### WHAT IS REQUIRED:
Aim for an exact copy of the listing, without any images.

### DATA EXCERPTS:

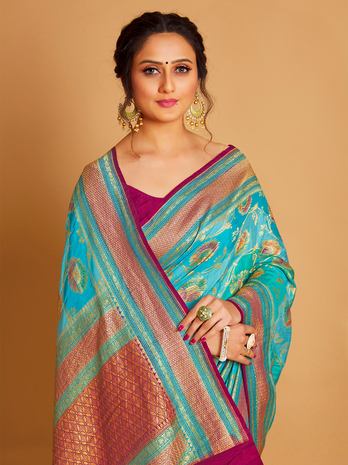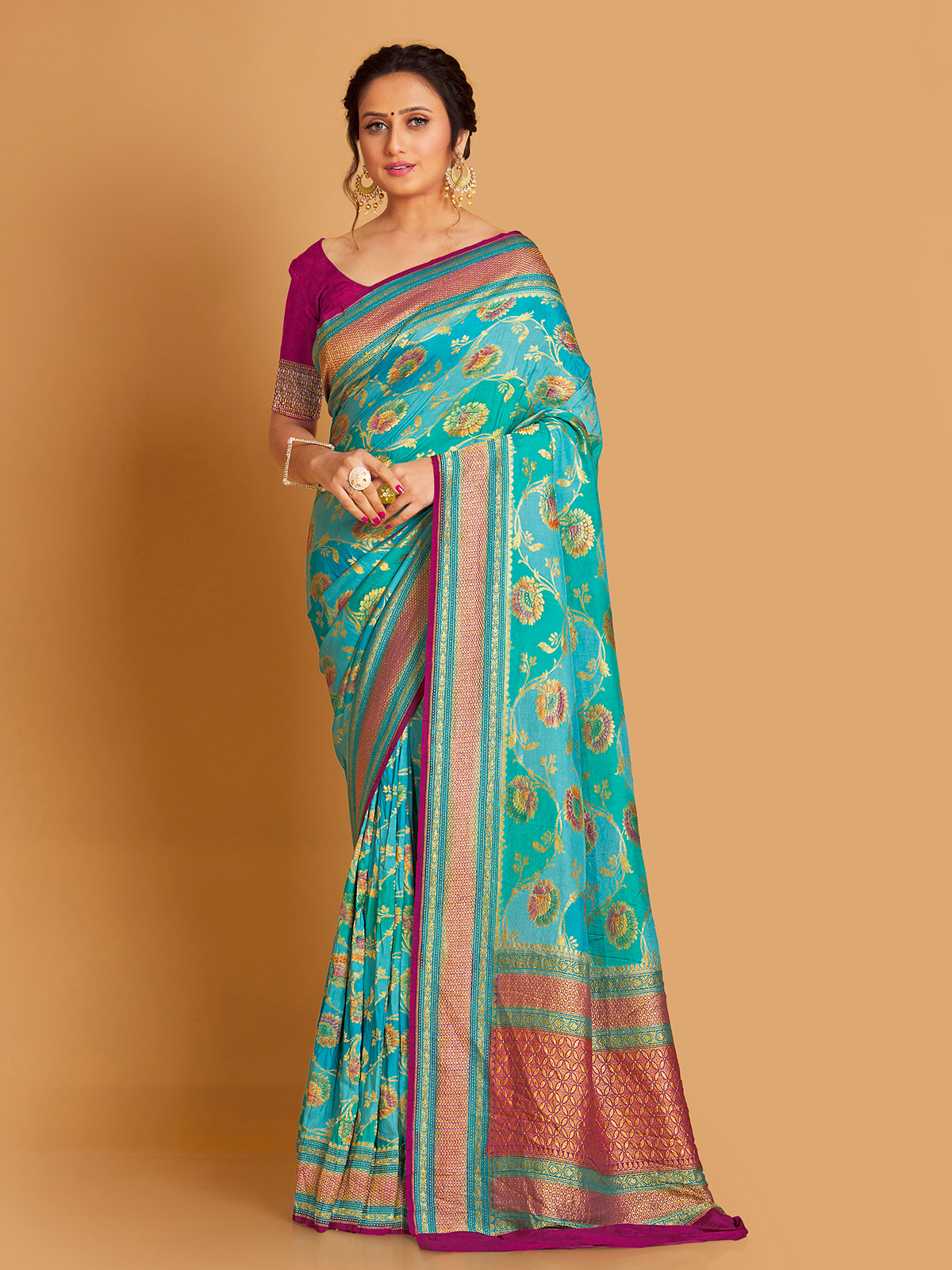 Achieve a trendy wedding look with this comfortable aqua silk saree. The intricate zari work throughout adds a touch of glamour. Comes with an unstitched blouse piece to customize your style.
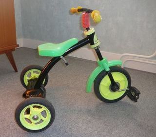 Tricycle unisexe vert/jaune pour enfant de 2 à 5 ans, marque Italtrike avec garde boue avant, assise et intérieurs de roues en PVC. Le cadre et le guidon sont en acier coloris noir
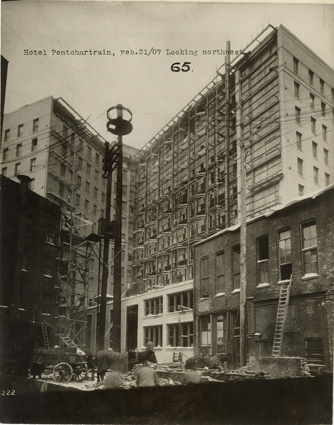 View of Hotel Pontchartrain during construction, showing structural framework and partially completed facade. Construction workers and horse-drawn wagon in foreground. Typed on front: "Hotel Pontchartrain, Feb. 21/07. Looking northwest." Stamped on back: "W.D. Benham, commercial photographer, 414 Wetherbee Bldg., Detroit, Mich."
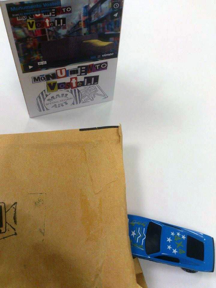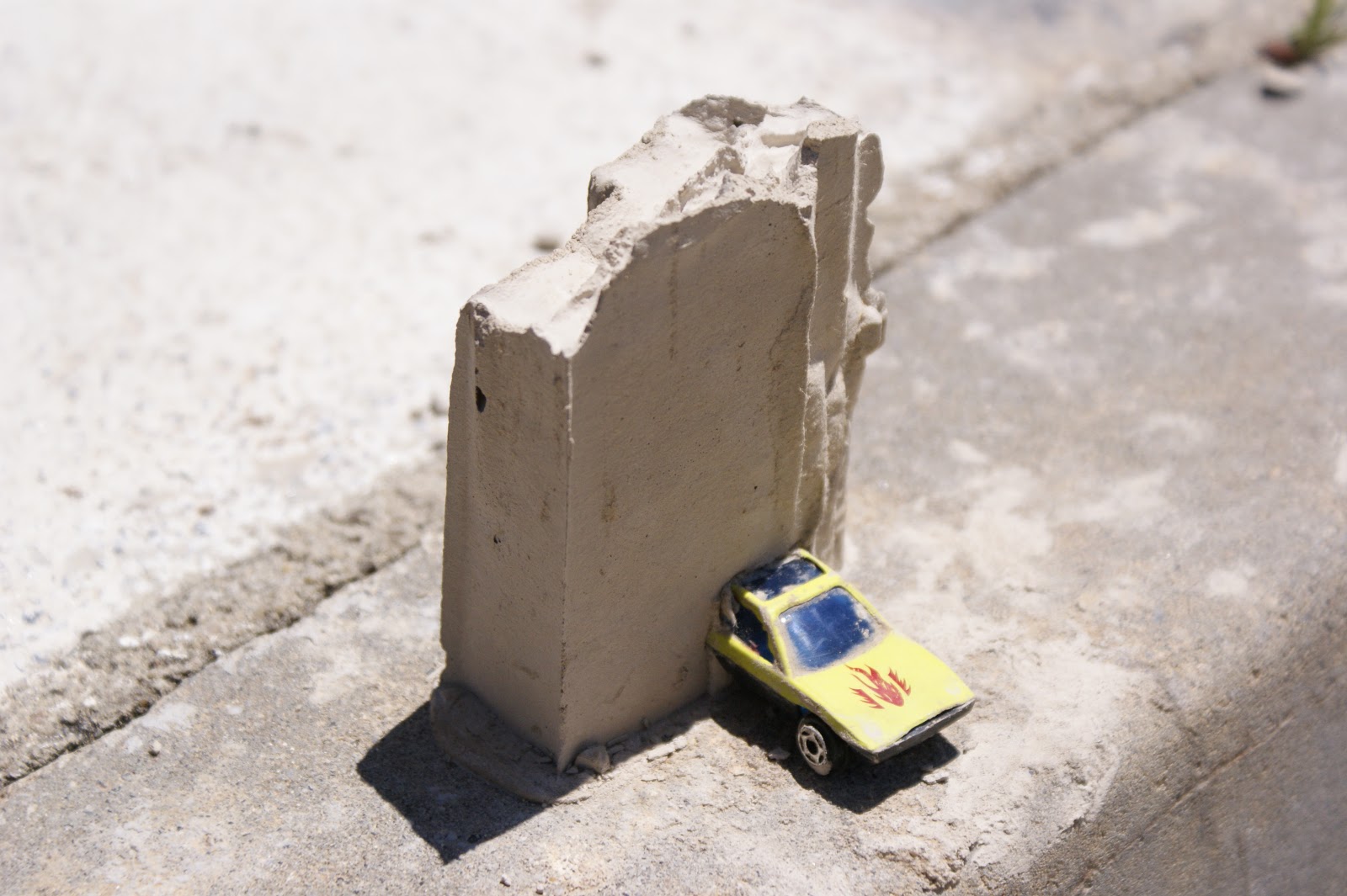 Anybody can take part in it. Some simple instructions are sent to each participant.The work has to be realized including the toy car sent and adding some concrete. The final result has to be photographed and returned with a brief description indicating where was taking and the artist data.
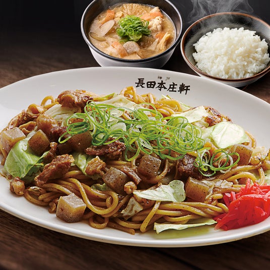 鉄板で香ばしく焼き上げた焼きそばに、ボリューム感のあるセット内容は、ランチにもディナーにもおすすめです。
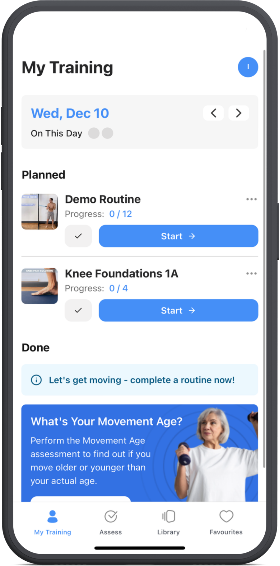 ROM Coach custom routines give you full control letting you build and schedule training that fits you perfectly.
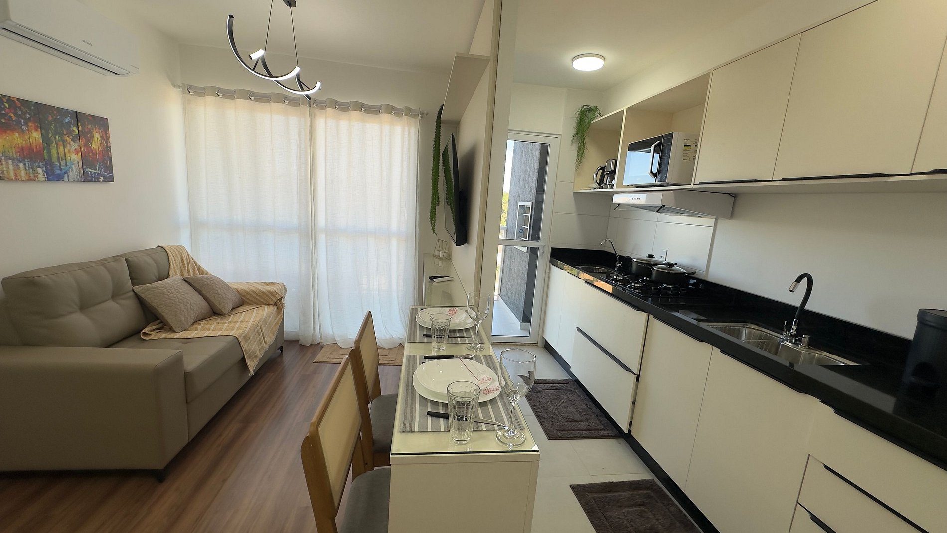 A cozinha é totalmente equipada para que você possa preparar suas refeições do dia a dia com tranquilidade. Na sala, você encontra um ambiente acolhedor, com um sofá confortável, wi-fi de alta velocidade e uma TV ampla, ideal para relaxar após um dia de passeios. Além disso, o apartamento foi decorado com muito bom gosto, oferecendo um ambiente charmoso e aconchegante. A varanda, equipada com uma mesa e churrasqueira, é perfeita para aproveitar momentos agradáveis em família.
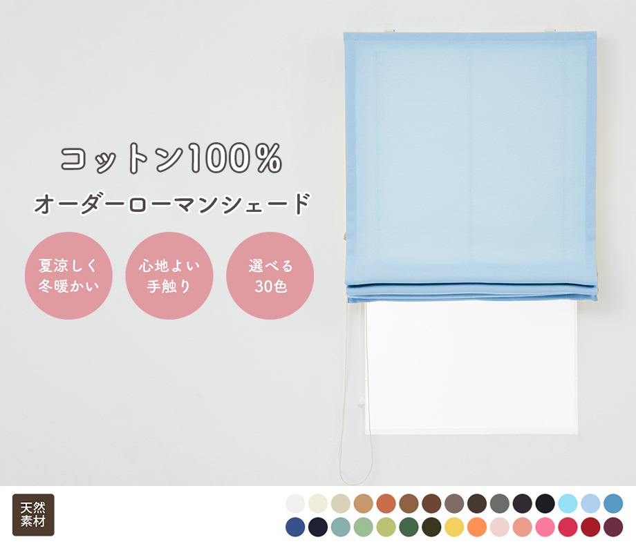 【幕体のみ】綿(コットン)100% 無地 さらっとした触り心地のオックス織り天然素材ローマンシェード アイスブルー【買い替え用】
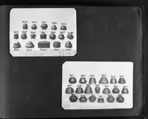 Tre äggkoppar och två saltströare från Bo Fajans, formgivna av Allan Ebeling och Eva Jancke-Björk, 1900-talets mitt.
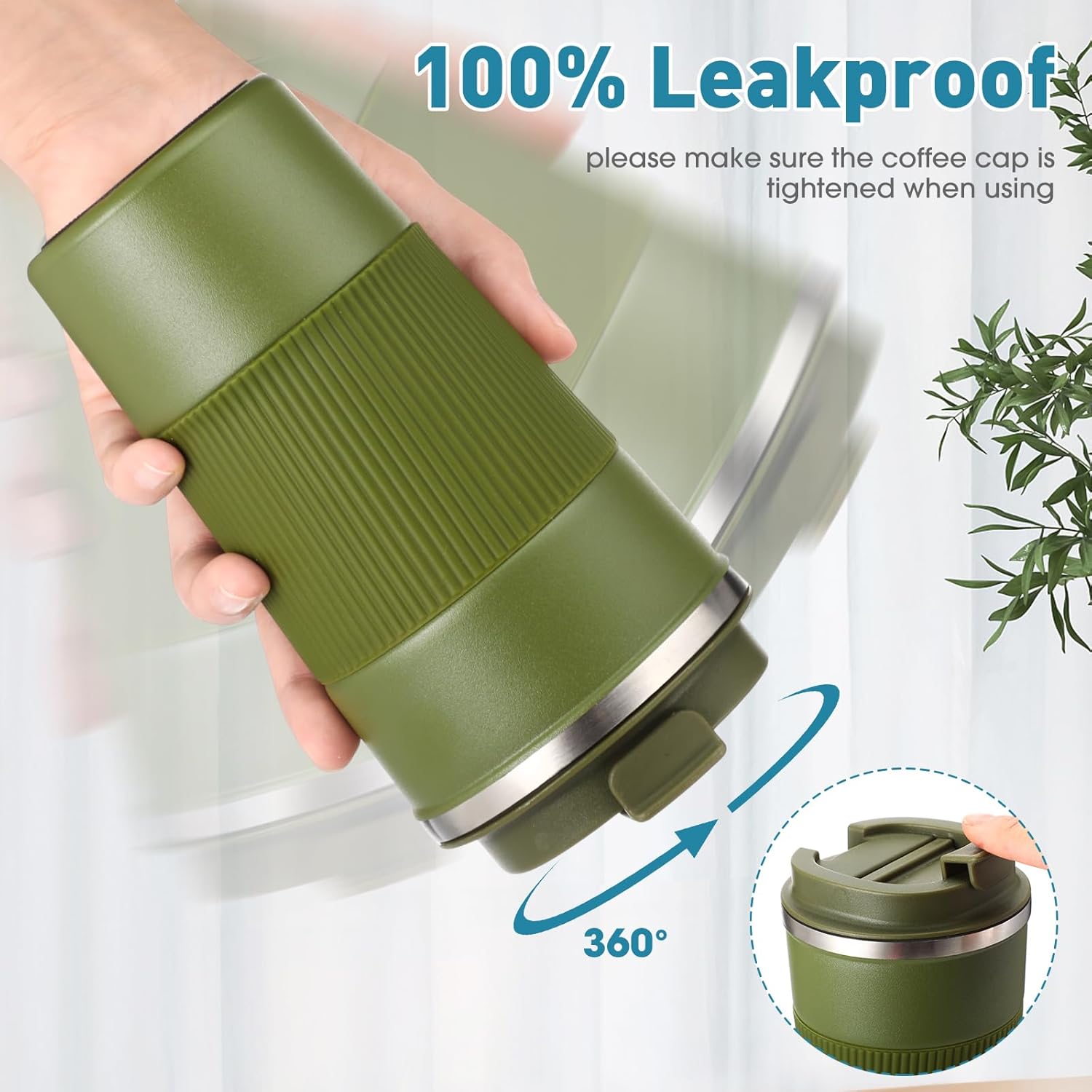- Leakproof Travel Coffee Cup: the insulated coffee mug with spiral side comes with sealing rings for effective leakproof travel, you can shake the mug as much as you like without worrying about liquid spilling over and wetting your travel or office bag, the travel coffee mug includes a clamshell opening that makes it easy to drink with one hand, whether you're walking or sitting in the car, the size of the spout ensures that you will not get spilled in an emergency
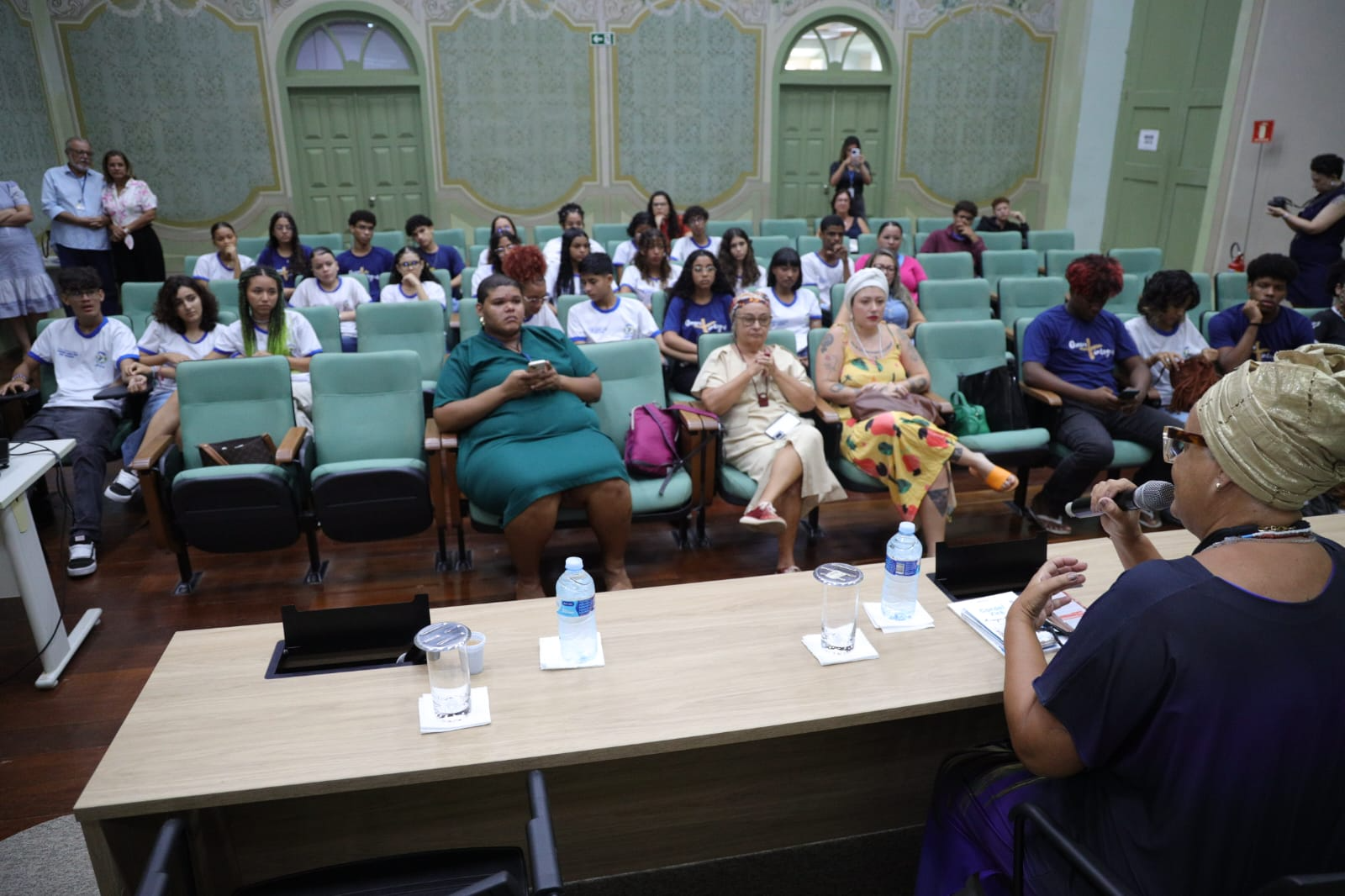 “A gente sabe que são temas, muitas vezes, espinhosos, né? E que nem sempre a gente consegue estar dialogando, trocando. Então, ter um espaço como esse, da Escola do Legislativo, é importante para a gente poder desmistificar preconceitos, combater o racismo, o racismo religioso. Então, falar da religiosidade, principalmente religiosidade afro-brasileira, ancestralidade, ritos, divindades, trazer essa informação e conhecimento para poder desmistificar muitas coisas que ficam no imaginário das pessoas e os estudantes que estão em formação precisam absorver, adquirir esse conhecimento”, pontuou.

### ANSWER BOX:
 Achieve a trendy wedding look with this comfortable aqua silk saree. The intricate zari work throughout adds a touch of glamour. Comes with an unstitched blouse piece to customize your style.
 Tricycle unisexe vert/jaune pour enfant de 2 à 5 ans, marque Italtrike avec garde boue avant, assise et intérieurs de roues en PVC. Le cadre et le guidon sont en acier coloris noir
 View of Hotel Pontchartrain during construction, showing structural framework and partially completed facade. Construction workers and horse-drawn wagon in foreground. Typed on front: "Hotel Pontchartrain, Feb. 21/07. Looking northwest." Stamped on back: "W.D. Benham, commercial photographer, 414 Wetherbee Bldg., Detroit, Mich."
 Anybody can take part in it. Some simple instructions are sent to each participant.The work has to be realized including the toy car sent and adding some concrete. The final result has to be photographed and returned with a brief description indicating where was taking and the artist data.
 鉄板で香ばしく焼き上げた焼きそばに、ボリューム感のあるセット内容は、ランチにもディナーにもおすすめです。
 ROM Coach custom routines give you full control letting you build and schedule training that fits you perfectly.
 A cozinha é totalmente equipada para que você possa preparar suas refeições do dia a dia com tranquilidade. Na sala, você encontra um ambiente acolhedor, com um sofá confortável, wi-fi de alta velocidade e uma TV ampla, ideal para relaxar após um dia de passeios. Além disso, o apartamento foi decorado com muito bom gosto, oferecendo um ambiente charmoso e aconchegante. A varanda, equipada com uma mesa e churrasqueira, é perfeita para aproveitar momentos agradáveis em família.
 【幕体のみ】綿(コットン)100% 無地 さらっとした触り心地のオックス織り天然素材ローマンシェード アイスブルー【買い替え用】
 Tre äggkoppar och två saltströare från Bo Fajans, formgivna av Allan Ebeling och Eva Jancke-Björk, 1900-talets mitt.
- Leakproof Travel Coffee Cup: the insulated coffee mug with spiral side comes with sealing rings for effective leakproof travel, you can shake the mug as much as you like without worrying about liquid spilling over and wetting your travel or office bag, the travel coffee mug includes a clamshell opening that makes it easy to drink with one hand, whether you're walking or sitting in the car, the size of the spout ensures that you will not get spilled in an emergency
 “A gente sabe que são temas, muitas vezes, espinhosos, né? E que nem sempre a gente consegue estar dialogando, trocando. Então, ter um espaço como esse, da Escola do Legislativo, é importante para a gente poder desmistificar preconceitos, combater o racismo, o racismo religioso. Então, falar da religiosidade, principalmente religiosidade afro-brasileira, ancestralidade, ritos, divindades, trazer essa informação e conhecimento para poder desmistificar muitas coisas que ficam no imaginário das pessoas e os estudantes que estão em formação precisam absorver, adquirir esse conhecimento”, pontuou.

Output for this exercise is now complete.